• [Raw data]:
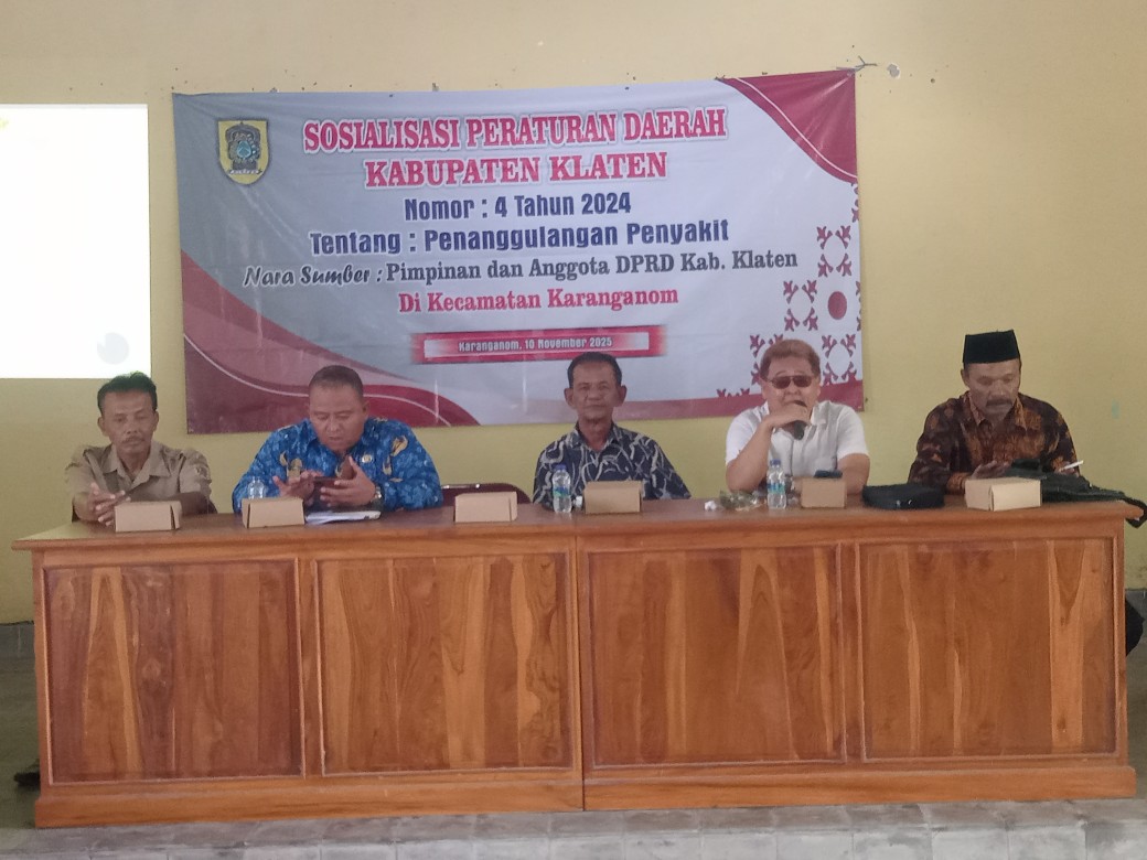 INDONNESIANEWS (Klaten)–Anggota DPRD Klaten, menggelar kegiatan Sosialisasi Peraturan Daerah No 4 Tahun 2024, tenang Penanggulangan Penyakit, di berbagai wilayah kecamatan di Klaten, Senin (10-11-2025).
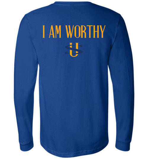 I AM WORTHY WHITE LETTERS CANVAS LONG SLEEVE
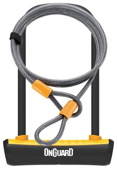 Κλειδαριά ποδηλάτου της ONGUARD, κατασκευασμένη από υλικά υψηλής ποιότητας. Το προϊόν έχει δύο κλειδιά, ένα σχοινί και μια λαβή.

• [Work item]: Your task is to reproduce all of the material exactly. The pictures stay out.

• [Response for this exercise]:
 INDONNESIANEWS (Klaten)–Anggota DPRD Klaten, menggelar kegiatan Sosialisasi Peraturan Daerah No 4 Tahun 2024, tenang Penanggulangan Penyakit, di berbagai wilayah kecamatan di Klaten, Senin (10-11-2025).
 I AM WORTHY WHITE LETTERS CANVAS LONG SLEEVE
 Κλειδαριά ποδηλάτου της ONGUARD, κατασκευασμένη από υλικά υψηλής ποιότητας. Το προϊόν έχει δύο κλειδιά, ένα σχοινί και μια λαβή.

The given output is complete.